La protection du logiciel par le droit de la propriété intellectuelle a fait débat. Le brevet a été proposé un temps. Cependant, il fut finalement écarté au profit du droit d’auteur. Il réduit le critère traditionnel de l’originalité dans la forme. L’arrêt du 17 octobre 2012 rendu par la Première Chambre civile de la Cour de cassation illustre la différence de traitement des programmes d’ordinateur. Néanmoins, il démontre que tout logiciel à succès n’est pas jugé original pour autant.
Les faits de l’affaire
Une société COD affirmait être titulaire des droits d’auteur sur un logiciel de gestion pour les études d’huissiers de justice. Elle avait d’ailleurs procédé à deux dépôts dudit logiciel auprès de l’agence pour la protection des programmes. Par ailleurs, elle avait concédé une licence d’utilisation à une société AS durant plusieurs années.
Cette dernière société continua à utiliser le logiciel après le terme du contrat de licence. Il en fut de même pour une société d’huissiers de justice pour laquelle elle assurait des prestations informatiques. Face à cette exploitation sans autorisation, la société COD assigna la société AS, ainsi que la société d’huissiers de justice, en contrefaçon de son logiciel.
La décision de la Cour d’appel
Par un arrêt du 11 mai 2011, la Cour d’appel d’Aix-en-Provence fit droit aux demandes de la société COD. Elle reconnaît en effet que le logiciel en cause était bien protégé par le droit d’auteur. Il apporte « une solution particulière à la gestion des études d’huissiers de justice ». La Cour condamna solidairement la société AS et la société d’huissiers de justice à verser la somme de 20. 000 euros à titre de dommages et intérêts. Elle ordonna à la société AS de cesser toute utilisation du logiciel, de supprimer celui-ci de tous ses ordinateurs et de remettre à la société COD toute documentation afférente à ce logiciel.
La société AS forma alors un pourvoi devant la Cour de cassation. Elle reprocha à la juridiction d’appel d’avoir reconnu la protection du logiciel par le droit d’auteur pour de mauvaises raisons. Notamment l’existence de contrats de licence sur le logiciel et les dépôts auprès de l’agence pour la protection des programmes. Selon la Cour en effet, cela suffisait à démontrer que le logiciel apportait « une solution particulière à la gestion des études d’huissiers de justice », d’où son originalité.
La solution de la cour de cassation
Fort heureusement, le pourvoi a été entendu par la haute juridiction. La Cour de cassation, dans son arrêt du 17 octobre 2012, censure les juges du fond au motif que ceux-ci n’ont pas recherché « en quoi les choix opérés témoignaient d’un apport intellectuel propre et d’un effort personnalisé de celui qui avait élaboré le logiciel litigieux, seuls de nature à lui conférer le caractère d’une œuvre originale protégée ».
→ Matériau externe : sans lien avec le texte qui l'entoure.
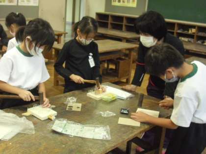 1組は図工です。「くぎうちとんとん」で、釘打ちに挑戦です。2組は音楽です。音符で示されたリズムを確認しています。
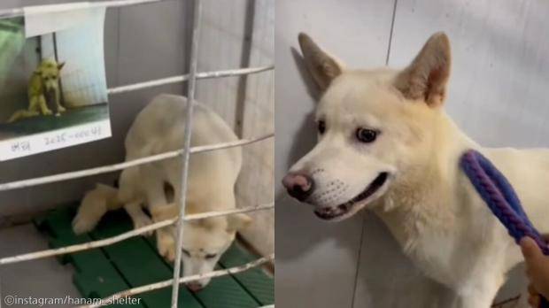 동물보호소 견사에서 항상 울상 짓고 있던 강아지가 점점 변화하는 모습을 보여주며 가족을 기다리고 있다.
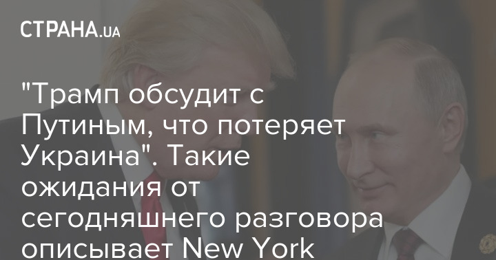 "Президент США Дональд Трамп обговорить із Володимиром Путіним, що втратить Україна" - такі очікування від сьогоднішньої розмови президентів малює газета The New York Times.
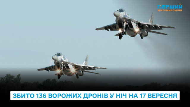 У ніч на 17 вересня противник здійснив одну з наймасованіших атак останніх тижнів. З території росії та тимчасово окупованого Криму було випущено 172 ударні безпілотники типу Shahed, «Гербера» та інших моделей, а також балістичну ракету «Іскандер-М/KN-23» і зенітну керовану ракету С-300. Про це повідомили в Повітряних Силах ЗСУ.
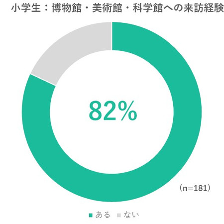 82%が「来訪経験あり」と回答。やはり未就学児と比べると来訪経験がかなり増える結果となりました。小学校にあがると、好奇心も増えて学習意欲が上がったり、夏休みの自由研究などもあるので、必然的に博物館や美術館、科学館といったミュージアム施設に行く機会も増えるのでしょう。
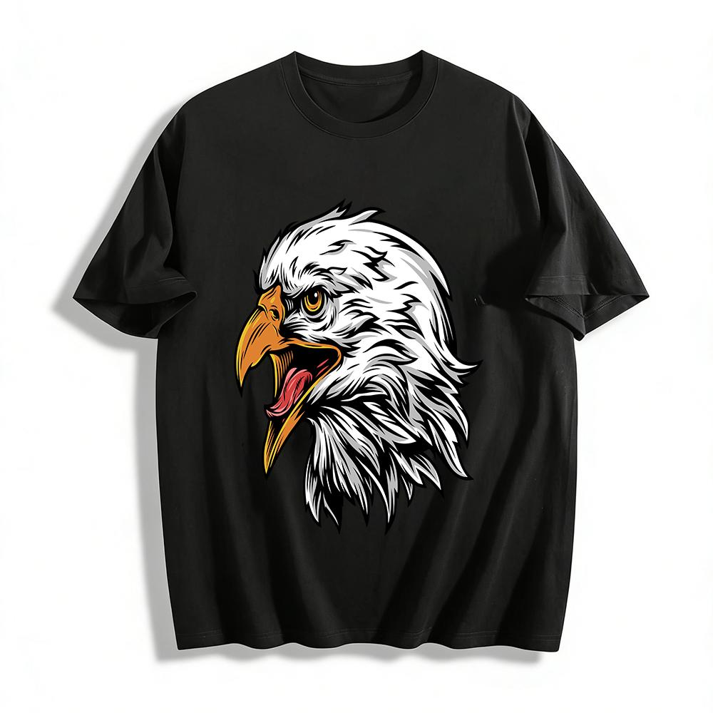 Roaring Bald Eagle Graphic Tee Casual Animal Print Top For Men Women Pure cotton T-shirt

En matière de programmes d’ordinateurs, le critère de l’originalité dans la forme, révélant l’existence du droit d’auteur, conserve sa spécificité par rapport aux autres œuvres de l’esprit. On sait, depuis les arrêts d’assemblée plénière du 7 mars 1986, qu’en la matière, l’exigence est traditionnellement moindre. Il ne faut pas aller jusqu’à caractériser l’empreinte de la personnalité de l’auteur. Il faut simplement un « effort personnalisé allant au-delà de la simple mise en œuvre d’une logique automatique et contraignante ».
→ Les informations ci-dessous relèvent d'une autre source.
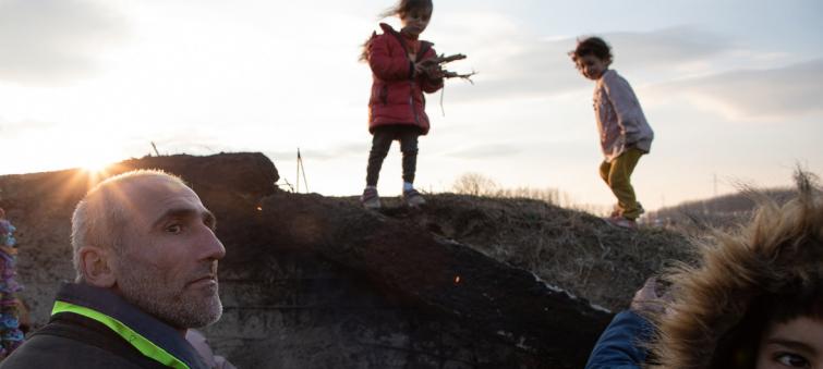 Photo caption and credit: ©IOM/Emrah Özesen A Syrian family prepares to huddle down by a fire out of the wind while children gather branches to burn, as they deliberate how to get home after a failed crossing attempt at the Edirne border with Greece.

Par cet arrêt du 17 octobre 2012, la Cour de cassation confirme que les exigences sont toujours vues à la baisse, par rapport aux autres œuvres, lorsqu’il s’agit de reconnaitre à un logiciel la protection par le droit d’auteur. Mais cette décision démontre également que la haute juridiction n’entend pas pour autant descendre en deçà du seuil habituel et conférer à un logiciel la protection par le droit d’auteur du seul fait de son succès, révélé en l’espèce par les différents contrats de licence dont il a fait l’objet et par des dépôts auprès de l’agence pour la protection des programmes.